Combien de temps est-ce que ça durera ? C’est bien le diable si nous le savons.
Que pouvez-vous y faire ? Rien.
Que devriez-vous faire pour vous protéger ? Ah ça, c’est facile.
▪ La réponse à la question que tout le monde se pose
Puisque vous ne savez pas ce qui arrive… et ne pouvez rien y changer… il faut vous préparer à ce que vous ne pouvez pas voir, non à ce que vous pouvez voir. C’est l’idée du nouveau livre de Nassim Taleb, Antifragile. Nous ne pouvons pas connaître l’avenir. Tout ce qu’on peut faire, c’est se préparer à être surpris.
Quel genre de surprise ? Qui sait ? Ce n’est pas la première fois qu’une banque centrale a essayé d’arranger les choses en imprimant de l’argent, toutefois. John Law l’a tenté en France au XVIIIe siècle. Tout s’est bien passé jusqu’à ce que la nouvelle monnaie s’effondre et que Law doive fuir le pays.
Même chose en Argentine dans les années 80. Tout sembla rouler pendant un temps… puis l’enfer se déchaîna. Les prix grimpèrent de 20 000% en mars 1990 ; les génies à la tête du pays tentèrent de détourner l’attention de leur mauvaise gestion économique en allant mal gérer d’autres choses — ils envahirent les îles Falkland !

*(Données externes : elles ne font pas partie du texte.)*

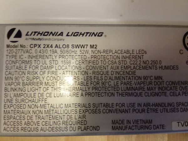 Led Lithonia 2X4 ceiling panels.$40 each have four. Great for lighting in your garage. Call 858-373-7 nine0eight. Leave message if no answer calls only. no scammers, no texting,no email,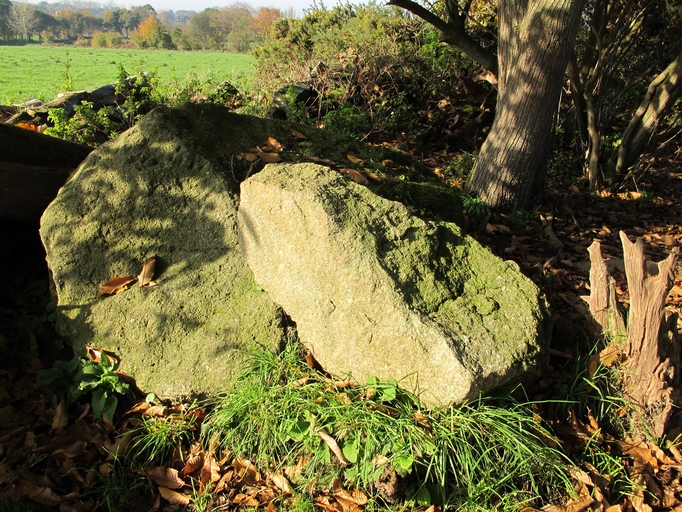 Kernigoual : pierre (Inscription : F : F : PAR JEAN MARIE LE HUEROU EPOUX DE CATHERINE ELET [ ? ] 1802).

Idem au Zimbabwe. La banque centrale crut avoir une solution au problème de la pénurie d’argent. Elle en imprimerait plus. Elle augmenta la masse monétaire d’environ un quadrillion. Est-ce que cette gigantesque augmentation de la demande stimula la production ?
Ha ha… la production disparut. Les rayons des magasins se vidèrent. Personne ne pouvait produire parce que personne — sauf sur le marché noir — ne pouvait être payé. Les acheteurs n’avaient que l’ersatz monétaire de la banque centrale… avec beaucoup de zéros mais peu de valeur.
Cette histoire se répétera-t-elle aux Etats-Unis ? A nouveau, nous n’en savons rien. Tout ce que nous savons, c’est que lorsqu’on fait quelque chose de délirant, des choses délirantes s’ensuivent.
Pour reprendre les termes de Taleb, le système financier devient fragile. Un petit choc — et même une amélioration de l’économie — pourrait causer une crise et un désastre. Une dépression ? L’hyperinflation ? Des défauts de paiement ? Des pénuries ? Des crises de nerfs ? Des suées nocturnes ? De l’herpès ? Des tremblements de terre ? Des embouteillages ? Des assassinats ? Des émeutes au stade ?
Nous ne pouvons pas prédire l’avenir. Mais c’est inutile. Quand les banques centrales font n’importe quoi avec les devises nationales, quelqu’un finit par en souffrir. Assurez-vous juste que ce ne soit pas vous.